Nous n'avons pas seulement conscience de nous-mêmes comme individus, mais comme Allemands. Chacun de nous, si il est vraiment lui même, est en même temps le peuple allemand, qui n'a pas connu un instant dans sa vie où, s'opposant avec désespoir à son peuple, il s'est dit : c'est moi qui suis l'Allemagne, - ou bien dans l'allégresse de son accord avec lui : moi aussi je suis l'Allemagne ! La réalité allemande n'a pas d'autre visage que ces visages individuels. C'est pourquoi la refonte radicale, la renaissance, l'élimination de tout ce qui subsiste de pernicieux, tout cela qui s'impose aujourd'hui, est la tâche du peuple ; une tâche à accomplir par chaque individu.
(P88-89)


Il est impossible d'en venir à des actions d'une certaine ampleur sans s'organiser et sans avoir de chefs. Exiger que la population d'un pays se rebelle même contre un état qui pratique la terreur, c'est demander l'impossible. Une telle révolte ne peut se produire que çà et là, sans cohésion réelle ; elle reste toujours anonyme, et ignorée par la suite, elle s'enfonce silencieusement dans la mort. Il n'y a que quelques exceptions que certaines circonstances particulières ont fait connaitre, mais même alors seulement par transmission orale et dans une mesure restreinte (Comme l’héroïsme des frère et sœur Scholl, ces étudiants allemands, et du professeur Huber, à Munich).

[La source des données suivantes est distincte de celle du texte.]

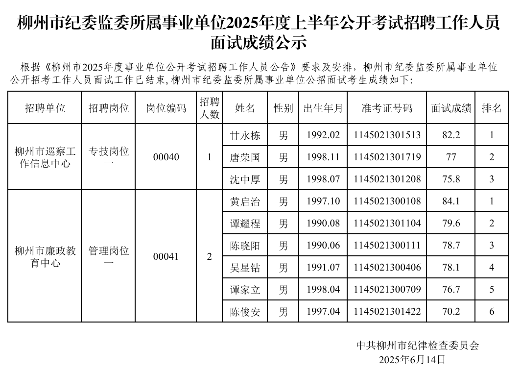 原文標(biāo)題:柳州市紀(jì)委監(jiān)委所屬事業(yè)單位2025年度上半年公開(kāi)考試招聘工作人員面試成績(jī)公示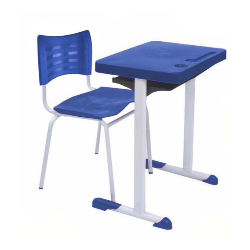 Kit Escolar Individual AZUL – (Mesa e Cadeira) – ADULTO – TAMPO PLÁSTICO – COR AZUL – MRPLAST- 54000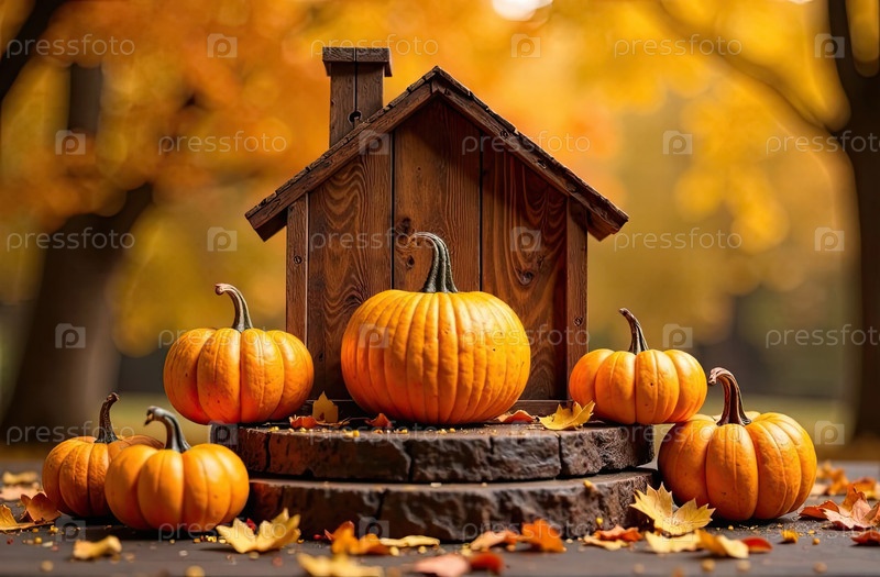 Крошечный эко-дом с тыквами и желтыми кленовыми листьями на осеннем фоне. недвижимость, дача, летний дом, ипотека, страхование, бронирование, строительство, изоляция. ИИ генерируется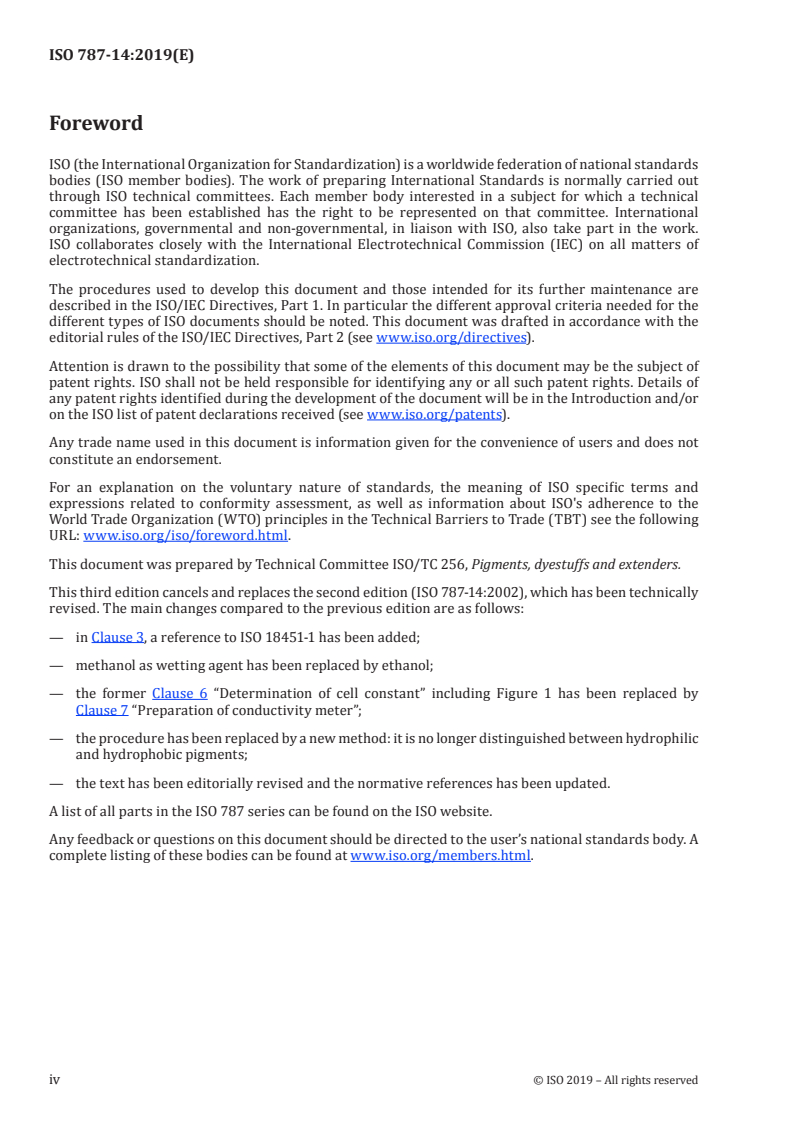ISO 787-14:2019 is a standard published by the International Organization for Standardization (ISO). Its full title is "General methods of test for pigments and extenders - Part 14: Determination of resistivity of aqueous extract". This standard covers: This document specifies a general method of test for determining the electric resistivity (specific electric resistance) or the specific electric conductivity, respectively, of the aqueous extract of a pigment. The method is applicable to all pigments and extenders, except pigments that are soluble in water. The resistivity of the aqueous extract of a pigment is considered as a property independent of the amount of water-soluble matter. If agreed, a cold extraction method can be used.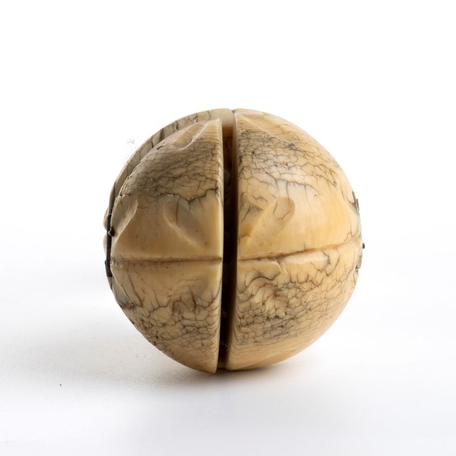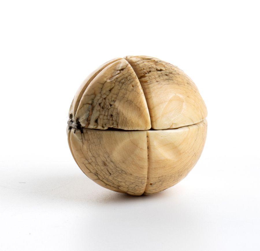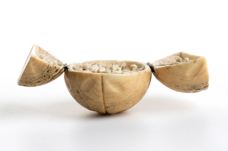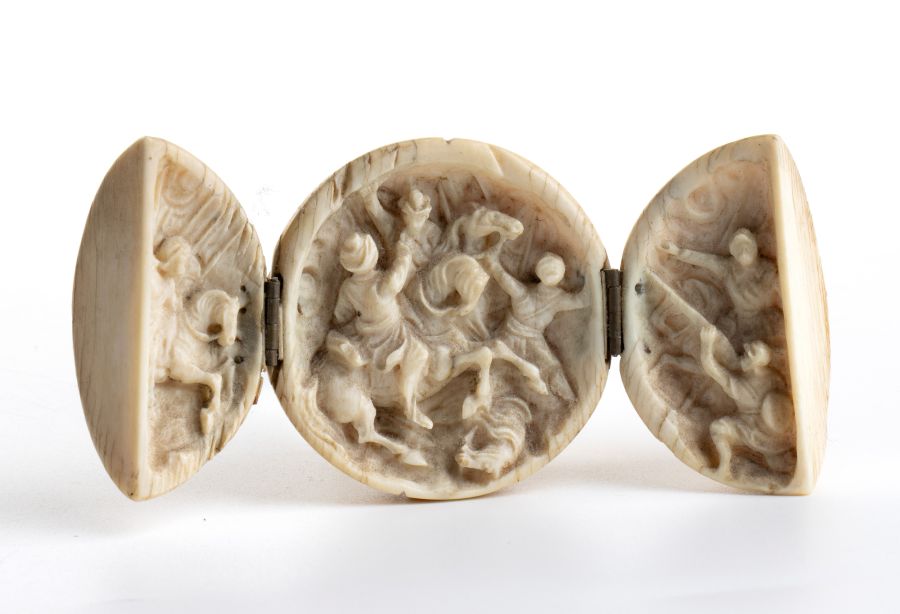 Trittico a sfera pieghevole in avorio Francia, Dieppe (?), XIX secolo Diametro x larghezza aperto: 5,2 x 11 cm. Peso: 116 gr

Il est étonnant qu'on puisse alors porter une accusation. Franz Werfel, qui a publié peu après l'effondrement de l'Allemagne d'Hitler un article chargé d'une accusation impitoyable contre le peuple allemand tout entier, y écrivait que seul Niemoller avait résisté ; et dans le même article il parle des centaines de milliers qui furent tués dans les camps de concentration - mais pourquoi donc ? Évidemment parce qu'ils avaient résisté, ne fut-ce, pour la plupart d'entre eux, que par leurs paroles. Ils sont les martyrs anonymes qui, par leur disparition sans efficacité, ne font que rendre plus évident que c'était impossible. Jusqu'en 1939, on le sait bien, les camps de concentration ont été une chose purement intérieure pour l'Allemagne, et même plus tard ils furent pour une bonne part remplis d'Allemands. Le nombre des emprisonnements politiques, en 1944, dépassa chaque mois 4000. Qu'il y ait eu des camps de concentration jusqu'à la fin suffit à prouver l'opposition dans le pays.
(P91)


C'est en Allemagne que se produisit l'explosion de ce qui était déjà en train de se développer dans le monde occidental, sous la forme d'une crise de l'esprit, de la foi.
Cela ne diminue pas notre culpabilité. Car c'est ici, en Allemagne, et non ailleurs, que l'explosion s'est produite. Mais cela nous délivre de l'isolement absolu. C'est un enseignement pour les autres. Cela regarde chacun.